#### Data section:
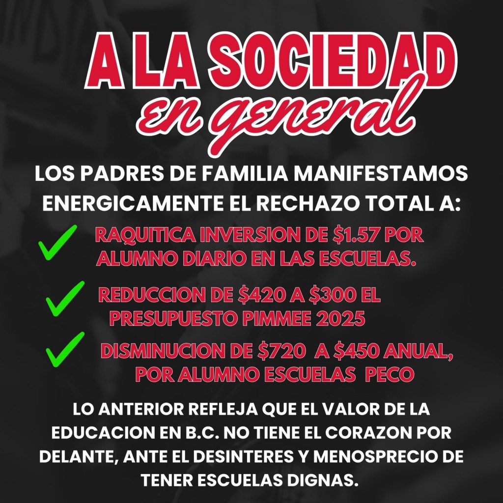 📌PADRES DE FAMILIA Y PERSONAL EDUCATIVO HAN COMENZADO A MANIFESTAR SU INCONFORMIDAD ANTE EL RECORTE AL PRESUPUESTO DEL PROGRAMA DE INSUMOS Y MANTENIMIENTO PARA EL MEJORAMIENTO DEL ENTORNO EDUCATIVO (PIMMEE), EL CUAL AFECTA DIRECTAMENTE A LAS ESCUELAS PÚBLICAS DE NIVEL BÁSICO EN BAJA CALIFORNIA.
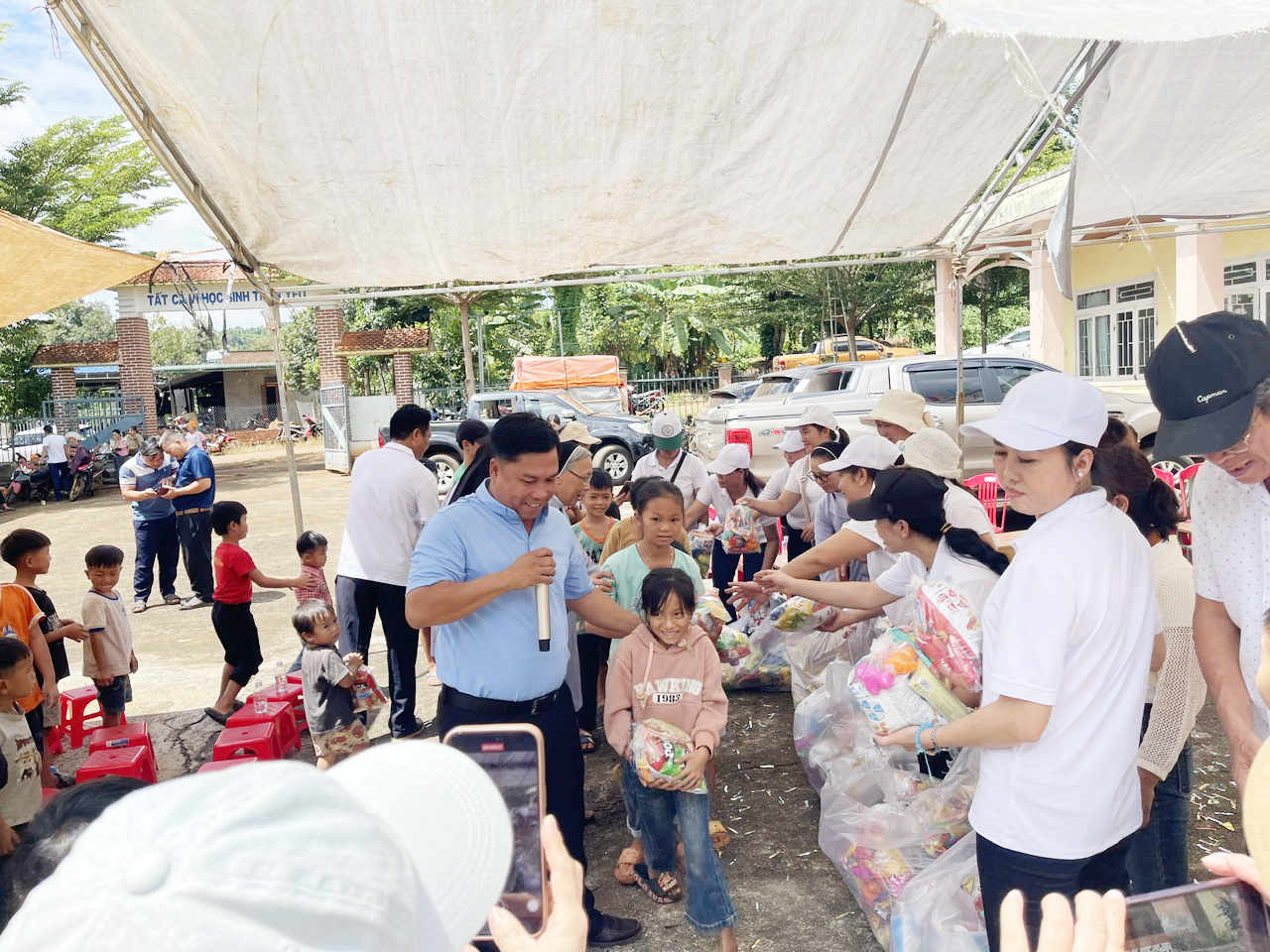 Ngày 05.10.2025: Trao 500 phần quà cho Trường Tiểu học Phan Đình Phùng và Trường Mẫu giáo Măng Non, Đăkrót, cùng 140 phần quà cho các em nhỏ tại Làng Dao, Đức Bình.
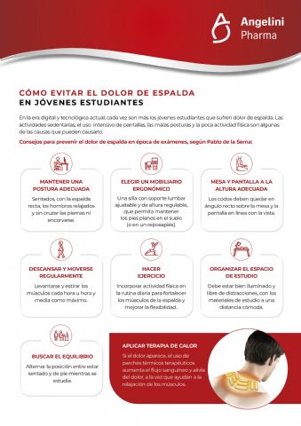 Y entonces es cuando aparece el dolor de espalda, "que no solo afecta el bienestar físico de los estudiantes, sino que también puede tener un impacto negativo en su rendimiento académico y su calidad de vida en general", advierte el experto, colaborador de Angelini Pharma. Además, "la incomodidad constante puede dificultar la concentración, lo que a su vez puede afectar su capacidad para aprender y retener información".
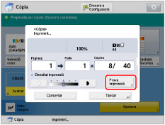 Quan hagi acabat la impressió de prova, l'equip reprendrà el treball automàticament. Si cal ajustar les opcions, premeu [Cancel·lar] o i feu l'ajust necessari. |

#### What to work on:
The result should be an exact copy of the material, containing no pictures.

#### Result of the task:
 📌PADRES DE FAMILIA Y PERSONAL EDUCATIVO HAN COMENZADO A MANIFESTAR SU INCONFORMIDAD ANTE EL RECORTE AL PRESUPUESTO DEL PROGRAMA DE INSUMOS Y MANTENIMIENTO PARA EL MEJORAMIENTO DEL ENTORNO EDUCATIVO (PIMMEE), EL CUAL AFECTA DIRECTAMENTE A LAS ESCUELAS PÚBLICAS DE NIVEL BÁSICO EN BAJA CALIFORNIA.
 Ngày 05.10.2025: Trao 500 phần quà cho Trường Tiểu học Phan Đình Phùng và Trường Mẫu giáo Măng Non, Đăkrót, cùng 140 phần quà cho các em nhỏ tại Làng Dao, Đức Bình.
 Y entonces es cuando aparece el dolor de espalda, "que no solo afecta el bienestar físico de los estudiantes, sino que también puede tener un impacto negativo en su rendimiento académico y su calidad de vida en general", advierte el experto, colaborador de Angelini Pharma. Además, "la incomodidad constante puede dificultar la concentración, lo que a su vez puede afectar su capacidad para aprender y retener información".
 Quan hagi acabat la impressió de prova, l'equip reprendrà el treball automàticament. Si cal ajustar les opcions, premeu [Cancel·lar] o i feu l'ajust necessari. |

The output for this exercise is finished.